Dehydrogenase-based sensors can use working electrodes made of gold
or carbon (via mediated chemistry). Examples of analytes suitable
for this type of monitoring include, but are not limited to,
cholesterol, ethanol, hydroxybutyrate, phenylalanine,
triglycerides, and urea. Further, the enzyme can be eliminated and
detection can rely on direct electrochemical or potentiometric
detection of an analyte. Such analytes include, without limitation,
heavy metals (e.g., cobalt, iron, lead, nickel, zinc), oxygen,
carbonate/carbon dioxide, chloride, fluoride, lithium, pH,
potassium, sodium, and urea. Also, the sampling system described
herein can be used for therapeutic drug monitoring, for example,
monitoring anti-epileptic drugs (e.g., phenytion), chemotherapy
(e.g., adriamycin), hyperactivity (e.g., ritalin), and
anti-organ-rejection (e.g., cyclosporin).
[0089] More specifically, a non-invasive glucose monitoring
(sampling) device is used to measure changes in glucose levels in
an animal subject over a wide range of glucose concentrations. The
sampling method is based on transdermal glucose extraction, and the
sensing method is based on electrochemical detection technology.
The device can be contacted with the biological system
continuously, and automatically obtains glucose samples in order to
measure glucose concentration at various selected intervals.
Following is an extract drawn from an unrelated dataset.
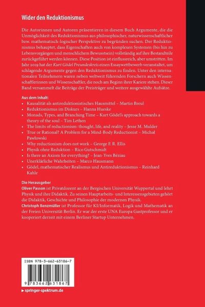 Die Autorinnen und Autoren präsentieren in diesem Buch Argumente, die die Unmöglichkeit des Reduktionismus aus philosophischer, naturwissenschaftlicher bzw. mathematisch-logischer Perspektive zu begründen suchen. Der Reduktionismus behauptet, dass Eigenschaften auch von komplexen Systemen (bis hin zu Lebensvorgängen und menschlichem Bewusstsein) vollständig auf ihre Bestandteile zurückgeführt werden können. Diese Position ist einflussreich, aber umstritten. Im Jahr 2019 hat der Kurt Gödel Freundeskreis einen Essaywettbewerb veranstaltet, um schlagende Argumente gegen den Reduktionismus zu finden. Unter den internationalen Teilnehmern waren neben weltweit führenden Forschern auch Wissenschaftler, die noch am Beginn ihrer Kariere stehen. Dieser Band versammelt die Beiträge der Preisträger und weitere ausgewählte Aufsätze.

[0090] Sampling is carried out continually by non-invasively
extracting glucose through the skin of the patient. More
particularly, an iontophoretic current is applied to a surface of
the skin of a subject. When the current is applied, ions or charged
molecules pull along other uncharged molecules or particles such as
glucose which are drawn into a collection insert placed on the
surface of the skin. The collection insert may comprise any
ionically conductive material and is preferably in the form of a
hydrogel which is comprised of a hydrophilic material, water and an
electrolyte.
[0091] The collection insert may further contain an enzyme which
catalyzes a reaction of glucose to form an easily detectable
species. The enzyme is preferably glucose oxidase (GOx) which
catalyzes the reaction between glucose and oxygen and results in
the production of hydrogen peroxide. The hydrogen peroxide reacts
at a catalytic surface of a biosensor electrode, resulting in the
generation of electrons which create a detectable biosensor current
(raw signal). Based on the amount of biosensor current created over
a given period of time, a measurement is taken, which measurement
is related to the amount of glucose drawn into the collection
insert over a given period of time.
[0092] When the reaction is complete, the process can be repeated
and a subsequent measurement obtained. More specifically, the
iontophoretic current is again applied, glucose is drawn through
the skin surface into the collection insert, and the reaction is
catalyzed in order to create a biosensor current. These sampling
(extraction) and sensing operations can be integrated such that
glucose is extracted into a hydrogel collection pad where it
contacts the GOx enzyme. The GOx enzyme converts glucose and oxygen
in the hydrogel to hydrogen peroxide which diffuses to the sensor
and is catalyzed by the sensor to regenerate oxygen and form
electrons. The electrons generate an electrical signal that can be
measured, analyzed, and correlated to blood glucose.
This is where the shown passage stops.